Your main file must be named cortexone_function.js and must define a function called cortexone_handler:

function cortexone_handler(event, context) {
var result = { message: "Hello, World!" };
return { statusCode: 200, body: result };
}
ParameterTypeDescription
eventobjectThe input payload sent by the caller
contextobjectExecution metadata (not populated for JavaScript)

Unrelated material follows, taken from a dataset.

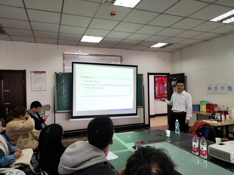 在报告中,艾教授首先基于大数据集的计算、储存及可视化问题,介绍了最优抽样技术的背景,简要回顾了广义线性模型的基本知识,并总结了前人就这一问题提出的最优抽样方案。艾教授考虑广义线性模型,使用Newton-Raphson方法获取出最大似然估计,还基于最佳子采样概率推导了子样本估计量的有限样本属性。由于最佳子采样概率取决于完整的数据估计,因此开发了自适应两步算法。利用该自适应算法建立了估计量的渐近正态性和最优性。最后,艾教授展示了不同模型设置下的模拟结果,与已有的方法相比,新方法的均方误差更小,且抽样用时更短。最后艾教授展示了两个实际数据的分析结果,也说明新方法的表现更好。

The return value should be an object with statusCode and body. You can return body as a plain object — the platform serializes it automatically. Use JSON.stringify() only when you need to control serialization of special types like BigInt or Date.


The event object

event is whatever JSON the caller passes:

function cortexone_handler(event, context) {
var numbers = event.num;
var sum = numbers.reduce(function(a, b) { return a + b; }, 0);
var mean = sum / numbers.length;
return {
statusCode: 200,
body: { sum: sum, mean: mean, count: numbers.length }
};
}

Environment variables

function cortexone_handler(event, context) {
var apiKey = process.env.MY_API_KEY;
return {
statusCode: 200,
body: { ready: !!apiKey }
};
}

HTTP requests

HTTP access is controlled per version. When enabled, a fetch() function is available. It returns a synchronous response object — not a Promise.

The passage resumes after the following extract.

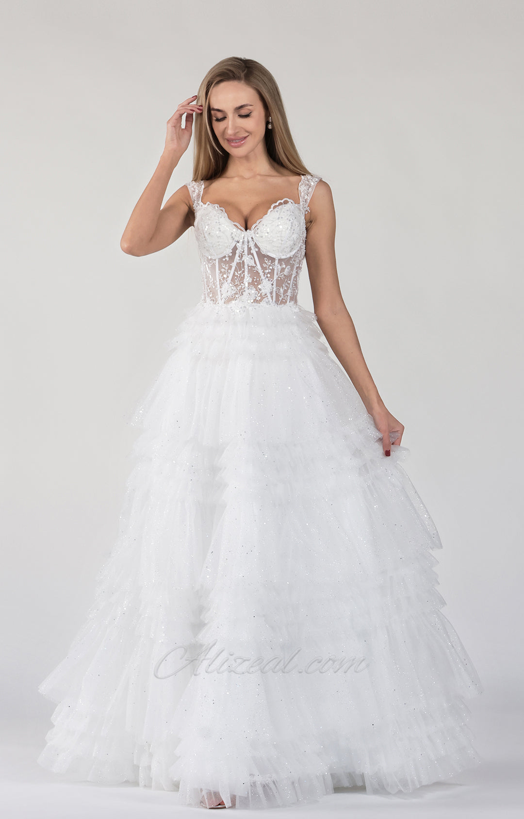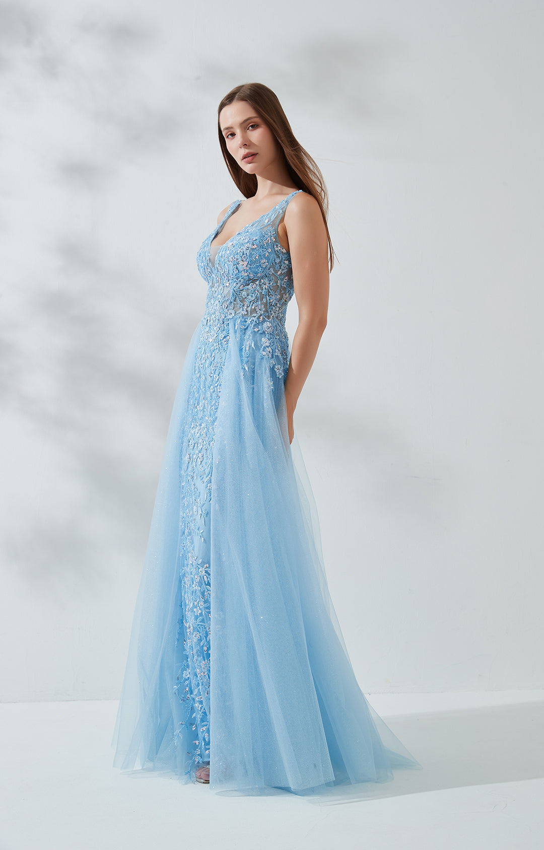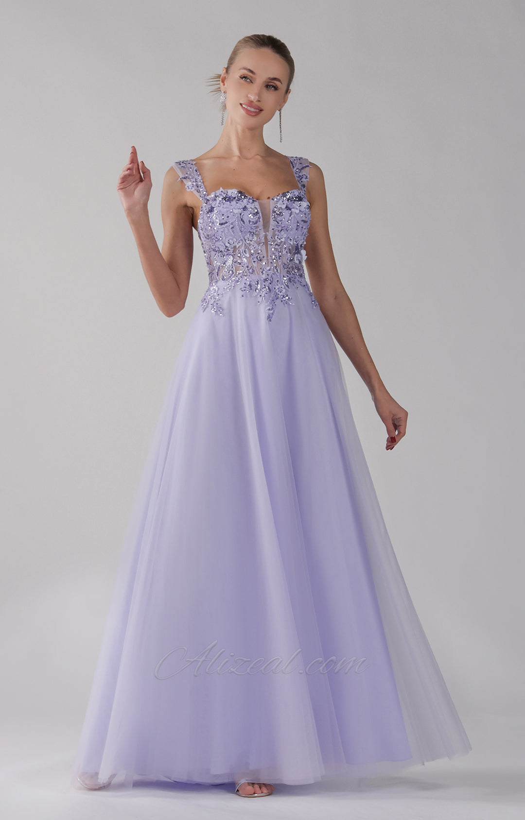 V-Neck Wide Strap Sleeveless Lace Embroidered Sequin Prom Dress

function cortexone_handler(event, context) {
var response = fetch("https://api.example.com/data");
// response.body is the raw HTTP response body as a string
var data = JSON.parse(response.body);
return { statusCode: response.status, body: data };
}

The response object contains:

FieldTypeDescription
response.statusnumberHTTP status code
response.statusTextstringHTTP status text
response.bodystringResponse body as a raw string
response.headersobjectResponse headers

You can also pass options for method, headers, and body:

function cortexone_handler(event, context) {
var response = fetch("https://api.example.com/submit", {
method: "POST",
headers: { "Content-Type": "application/json" },
body: JSON.stringify({ key: "value" })
});
return { statusCode: response.status, body: JSON.parse(response.body) };
}

If HTTP access is not enabled for your version, calling fetch() will return an error.


What is available

FeatureAvailable
process.envYes — read environment variables
fetch()Conditional — depends on version setting
JSONYes
Math, Date, Array, etc.Yes — standard built-ins
console.logYes — output goes to execution logs
require() / importNo — module imports are not supported
File systemNo

What is restricted

  • No file system access
  • No require or import — all code must be in the files you upload
  • Each execution runs in a completely fresh VM

Resource limits

LimitDefault
Max memory512 MB
Max runtime300 seconds
CPU limit2.0 cores

Example: Array processing

function cortexone_handler(event, context) {
var numbers = event.num;
var sum = numbers.reduce(function(a, b) { return a + b; }, 0);
var mean = sum / numbers.length;
return {
statusCode: 200,
body: { sum: sum, mean: mean, count: numbers.length }
};
}

Error responses

If your handler throws an error, the platform catches it and returns:

{
"statusCode": 500,
"body": "{\"error\": \"Script execution failed\", \"type\": \"ReferenceError\", \"details\": \"...\"}"
}

Timeouts return statusCode: 408. You can return non-200 status codes intentionally:

function cortexone_handler(event, context) {
if (!event.id) {
return { statusCode: 400, body: { error: "id is required" } };
}
return { statusCode: 200, body: { ok: true } };
}

Notes

  • The main file must be named cortexone_function.js and must contain cortexone_handler.
  • The handler is synchronous — async/await is not supported.
  • There is no persistent state between executions.
  • context is passed but not populated — use event for all input data.